Desserts with fruit just seem so much healthier, don't they.  I know there is a lot of sugar but this crumble is packed with fruit and an oatmeal topping.  


I thought about putting this into individual dishes but ended up just throwing it all in a big pan.  Not as pretty but it seemed to work fine. 

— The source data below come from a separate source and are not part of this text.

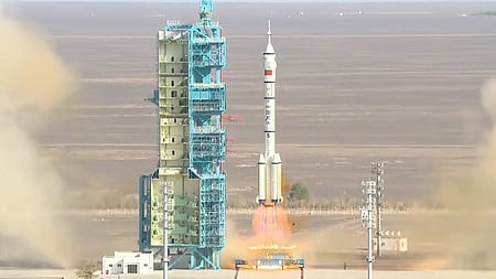 சீனாவின் தியான்காங் விண்வெளி நிலையத்தை நோக்கி மூன்று வீரா்களுடன் ஷென்ஷோ-20 விண்வெளி ஓடம் கோபி பாலைவனத்தில் அமைந்துள்ள ஜிகுவான் ஏவுதளத்திலிருந்து வியாழக்கிழமை விண்ணில் செலுத்தப்பட்டது (படம்).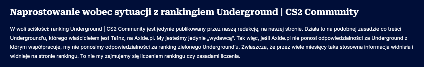 Tutaj mamy dalsze wiązanie Underground CS2 z Axide, poprzez używanie URL strony. Wiecie, tak żeby przypadkiem nikt nie pomyślał, że tam działa jakaś autonomiczna redakcja, która jednak nie ma związku z Fragownikiem.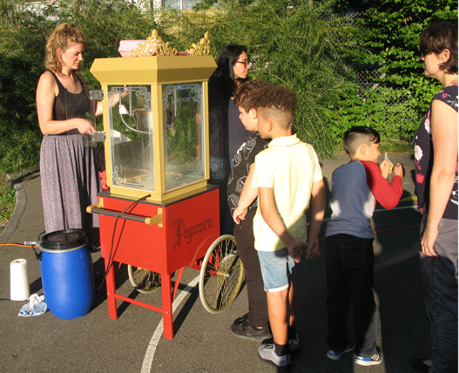 Es gab eine Zuckerwattemaschine und eine Popcornmaschine.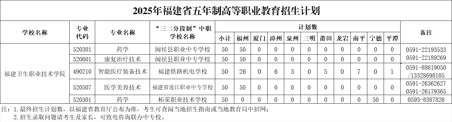 福建衛(wèi)生職業(yè)技術(shù)學(xué)院2025年五年制高等職業(yè)教育招生計(jì)劃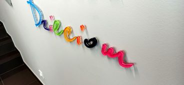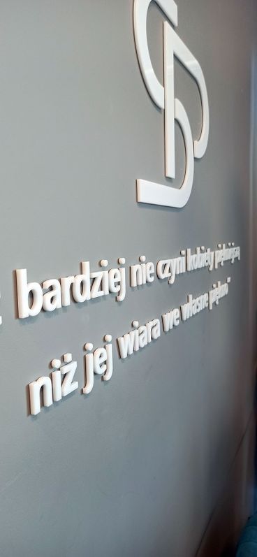 Letters made of clear acrylic glass with colored foil glued on the bottom. The whole thing is attached at the reception desk with special invisible distances, which gives the office a unique look. The cut material has polished edges so that the light perfectly penetrates the letter and causes an additional play of shadows on the foil surface. The "wow" brick effect :-)

I think that peaches are my favorite fruit.  Paired with blueberries, this was an excellent dessert.  Somewhat healthy too. 




Blueberry Peach Crumble


2 cups blueberries
2 1/2 cups peeled and sliced peaches (5-6 peaches)
1 tablespoon fresh lemon juice
1 teaspoon lemon zest
1/4 teaspoon vanilla extract
1/2 cup granulated sugar
1/4 cup flour (I used gluten free)
For the crumble topping:
1/2 cup flour (I used gluten free)
1/2 cup old-fashioned oats
1/3 cup brown sugar
1/4 cup granulated sugar
1/2 teaspoon salt
1 teaspoon ground cinnamon
6 tablespoons cold butter, diced


1. Preheat the oven to 350 degrees F.
2. In a large bowl, combine blueberries, sliced peaches, lemon juice, lemon zest, vanilla extract, granulated sugar, and flour. Gently toss until fruit is well coated. Let the fruit mixture sit while you prepare the crumble topping.
3. For the crumble topping: in a large bowl, combine the flour, oatmeal, brown sugar, granulated sugar, salt, and cinnamon. Stir together. Mix in the butter with your fingers until the mixture comes together and you have big crumbles.
4. Put the fruit mixture in a 9 x 13 in. pan or you can put it in individual ramekins.  Sprinkle the crumble mixture evenly over the fruit. Place the pan on a baking sheet pan lined with parchment paper and bake for 40 to 45 minutes, or until the tops are browned and crisp and the juices are bubbly. Serve warm or at room temperature.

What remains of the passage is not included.